Task inputs Start Marker
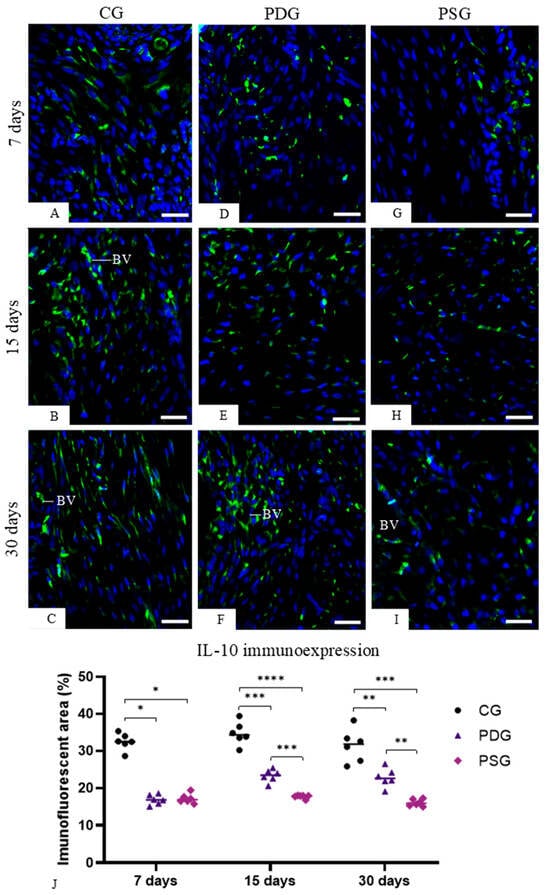 (A–I): Photomicrographs of sagittal sections of portions of maxilla showing the gingival mucosa between first and second molars. The sections were subjected to immunofluorescence for the detection of IL-10 (green color) and nuclear staining with DAPI (blue color). In all groups, cells with immunopositive cytoplasm are observed in the lamina propria of the gingiva. BV, blood vessel. Scale bars: 36 µm. (J): percentage of immunofluorescent area for IL-10 in the lamina propria of the gingival mucosa of CG, PDG and PSG specimens at 7, 15 and 30 days. Graphic shows the individual values (dots) and the median of each group (line). Two-way ANOVA followed by Tukey’s test (p < 0.05). * p < 0.05; ** p < 0.01; *** p < 0.001; **** p < 0.0001. n = 6 specimens per group in each period.
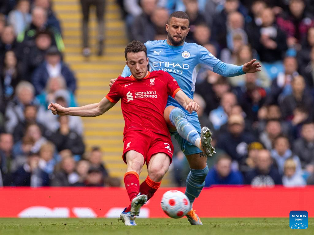 Liverpool's Diogo Jota (L) is challenged by Manchester City's Kyle Walker during the English Premier League match between Manchester City and Liverpool in Manchester, Britain, on April 10, 2022. The game ended in a 2-2 draw. (Xinhua)
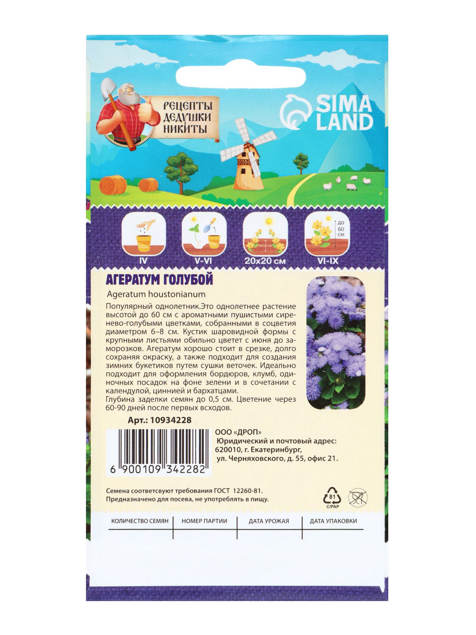 Семена цветов Агератум, голубой, 0.1 г, 10x17x1 см., Рецепты дедушки Никиты, Россия
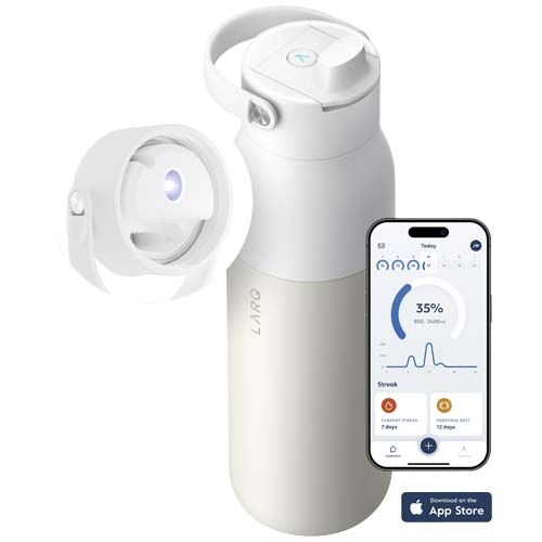 La bouteille d’eau LARQ PureVis™ 2.0 est une bouteille tout-en-un autonettoyante et filtrante de 1 000 ml, avec suivi intelligent de l’hydratation. Elle améliore la qualité de l’eau grâce à un processus de filtration en 2 étapes et de purification UV-C, offrant une eau meilleure et plus propre. La LED UV-C dans le bouchon s’active automatiquement toutes les deux heures pour garder la bouteille propre et sans odeur. Vous pouvez également démarrer manuellement un cycle PureVis™ en appuyant sur un bouton. Dotée d’une batterie longue durée, la bouteille fonctionne jusqu’à 2 à 3 semaines avec une charge complète via le port USB-C. Le bouchon est doté d’une poignée intégrée et détachable pour un transport aisé. Des capteurs intelligents suivent automatiquement votre consommation d’eau, tandis que l’application LARQ fournit des informations et renseigne sur les progrès. Les filtres doivent être remplacés régulièrement pour des performances optimales. Matières : Acier inoxydable Option d'impression par défaut : Tampographie - A l'arrière - couleurs max : 4 - 30 x 70 mm Batterie incluse : Pour ce produit, le fournisseur a rempli tout ou partie des données GPSR. Pour plus d'informations, veuillez-vous rapprocher du fournisseur.
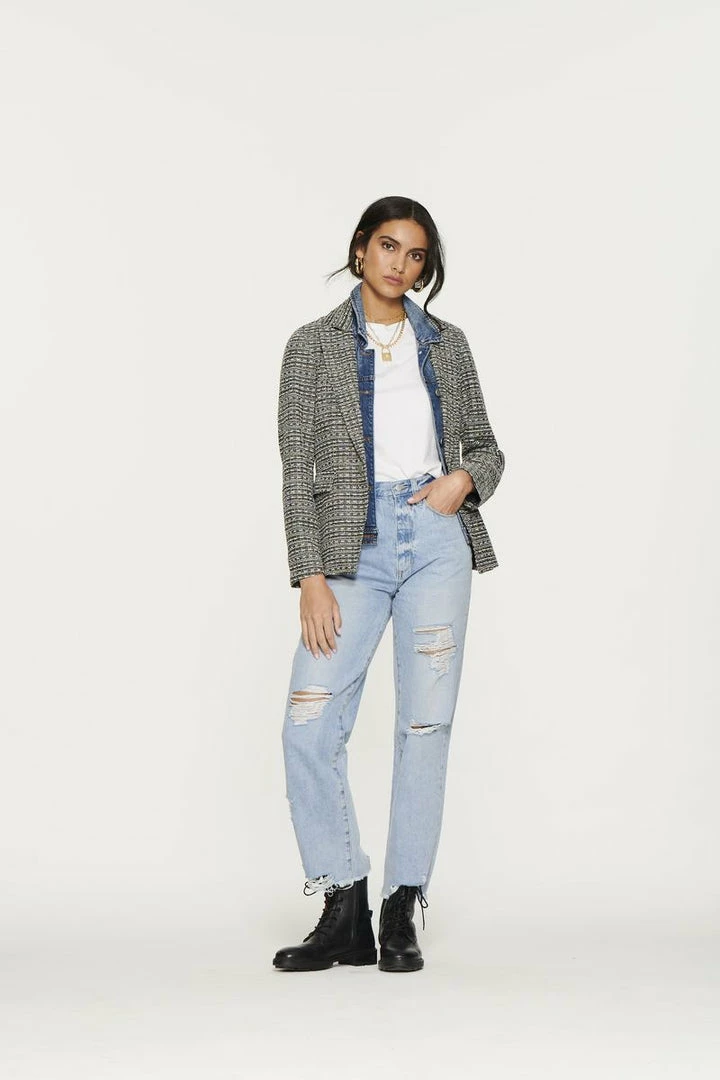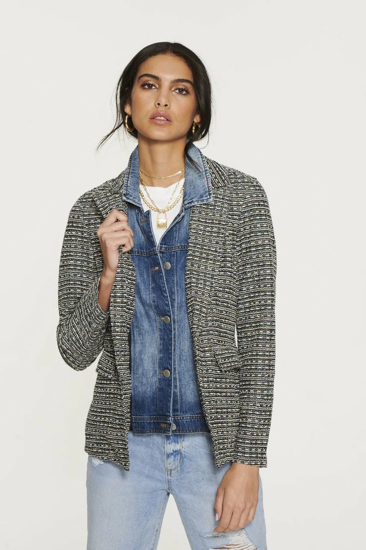 Helen Black & Rainbow Tweed Blazer With Removable Denim Insert
Task inputs End Marker
▸ **Exercise objective**:
Where the line containing "Семена цветов Агератум, голубой, 0.1" appears in the records above, begin copying and continue exactly through the last line, with nothing else; omit every picture.

▸ **Final answer**:
 Семена цветов Агератум, голубой, 0.1 г, 10x17x1 см., Рецепты дедушки Никиты, Россия
 La bouteille d’eau LARQ PureVis™ 2.0 est une bouteille tout-en-un autonettoyante et filtrante de 1 000 ml, avec suivi intelligent de l’hydratation. Elle améliore la qualité de l’eau grâce à un processus de filtration en 2 étapes et de purification UV-C, offrant une eau meilleure et plus propre. La LED UV-C dans le bouchon s’active automatiquement toutes les deux heures pour garder la bouteille propre et sans odeur. Vous pouvez également démarrer manuellement un cycle PureVis™ en appuyant sur un bouton. Dotée d’une batterie longue durée, la bouteille fonctionne jusqu’à 2 à 3 semaines avec une charge complète via le port USB-C. Le bouchon est doté d’une poignée intégrée et détachable pour un transport aisé. Des capteurs intelligents suivent automatiquement votre consommation d’eau, tandis que l’application LARQ fournit des informations et renseigne sur les progrès. Les filtres doivent être remplacés régulièrement pour des performances optimales. Matières : Acier inoxydable Option d'impression par défaut : Tampographie - A l'arrière - couleurs max : 4 - 30 x 70 mm Batterie incluse : Pour ce produit, le fournisseur a rempli tout ou partie des données GPSR. Pour plus d'informations, veuillez-vous rapprocher du fournisseur.
 Helen Black & Rainbow Tweed Blazer With Removable Denim Insert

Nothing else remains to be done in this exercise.